WORK REQUIRED:
Copy the data precisely, character for character, and leave out every picture.
[[ RAW DATA open ]]
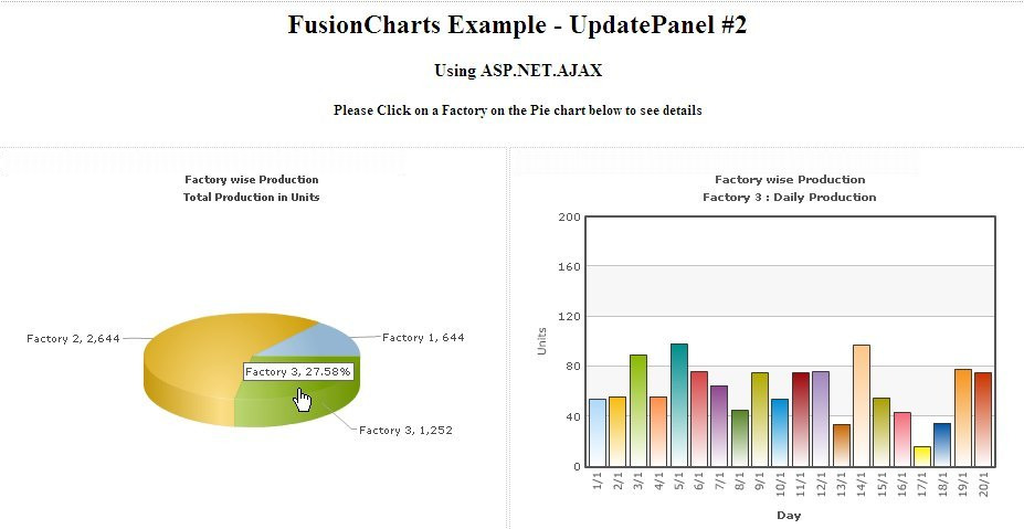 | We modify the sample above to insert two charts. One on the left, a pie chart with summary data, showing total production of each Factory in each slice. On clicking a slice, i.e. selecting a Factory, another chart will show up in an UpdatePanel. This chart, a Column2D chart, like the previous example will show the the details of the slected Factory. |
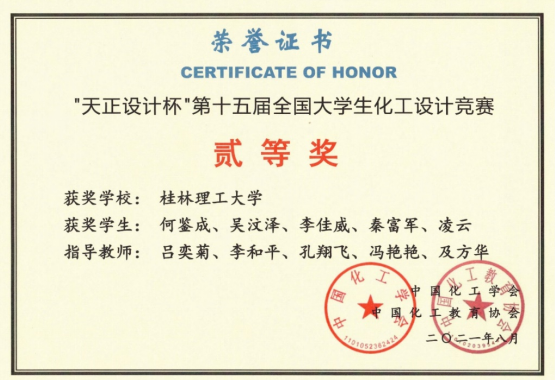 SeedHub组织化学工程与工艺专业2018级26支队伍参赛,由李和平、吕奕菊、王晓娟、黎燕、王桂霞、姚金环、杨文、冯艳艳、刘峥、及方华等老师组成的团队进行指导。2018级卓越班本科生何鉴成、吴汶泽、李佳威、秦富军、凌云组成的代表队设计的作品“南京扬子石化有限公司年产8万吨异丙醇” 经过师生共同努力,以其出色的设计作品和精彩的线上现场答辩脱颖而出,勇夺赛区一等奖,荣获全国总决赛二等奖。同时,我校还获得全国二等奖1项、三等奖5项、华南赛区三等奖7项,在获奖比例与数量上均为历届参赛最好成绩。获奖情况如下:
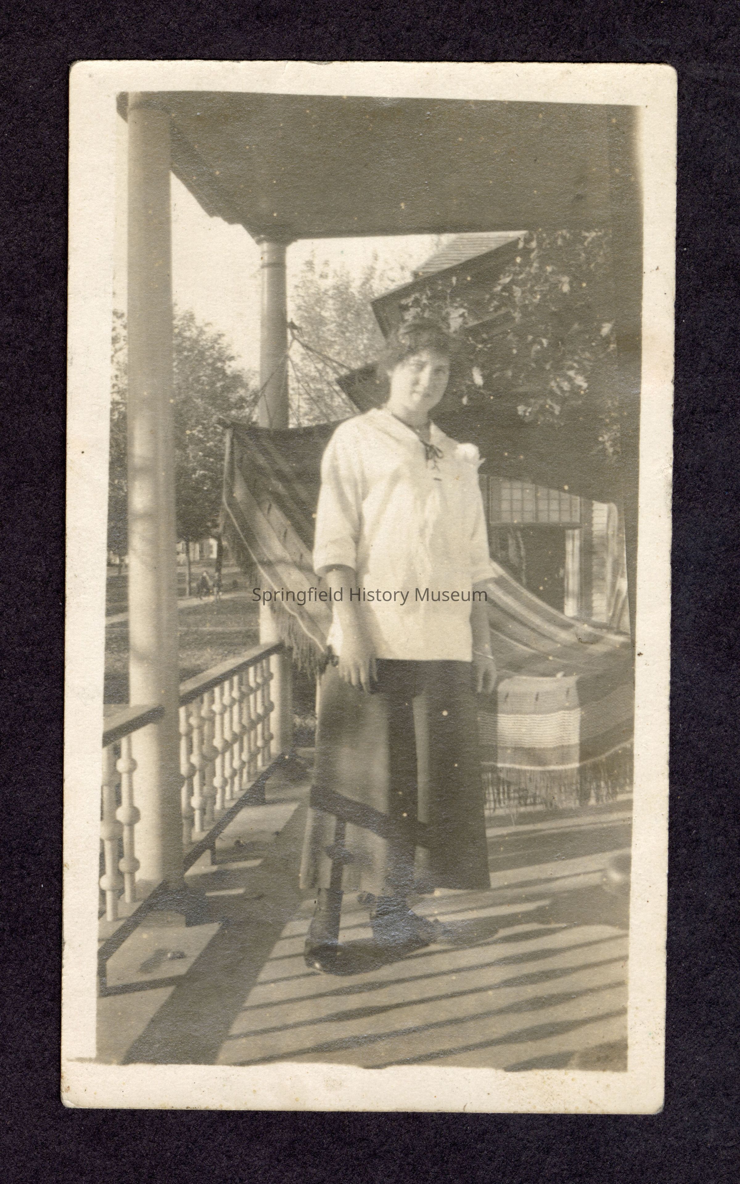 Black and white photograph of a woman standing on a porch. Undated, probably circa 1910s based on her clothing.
[[ RAW DATA closed ]]
ANSWER FOR THE TASK:
 | We modify the sample above to insert two charts. One on the left, a pie chart with summary data, showing total production of each Factory in each slice. On clicking a slice, i.e. selecting a Factory, another chart will show up in an UpdatePanel. This chart, a Column2D chart, like the previous example will show the the details of the slected Factory. |
 SeedHub组织化学工程与工艺专业2018级26支队伍参赛,由李和平、吕奕菊、王晓娟、黎燕、王桂霞、姚金环、杨文、冯艳艳、刘峥、及方华等老师组成的团队进行指导。2018级卓越班本科生何鉴成、吴汶泽、李佳威、秦富军、凌云组成的代表队设计的作品“南京扬子石化有限公司年产8万吨异丙醇” 经过师生共同努力,以其出色的设计作品和精彩的线上现场答辩脱颖而出,勇夺赛区一等奖,荣获全国总决赛二等奖。同时,我校还获得全国二等奖1项、三等奖5项、华南赛区三等奖7项,在获奖比例与数量上均为历届参赛最好成绩。获奖情况如下:
 Black and white photograph of a woman standing on a porch. Undated, probably circa 1910s based on her clothing.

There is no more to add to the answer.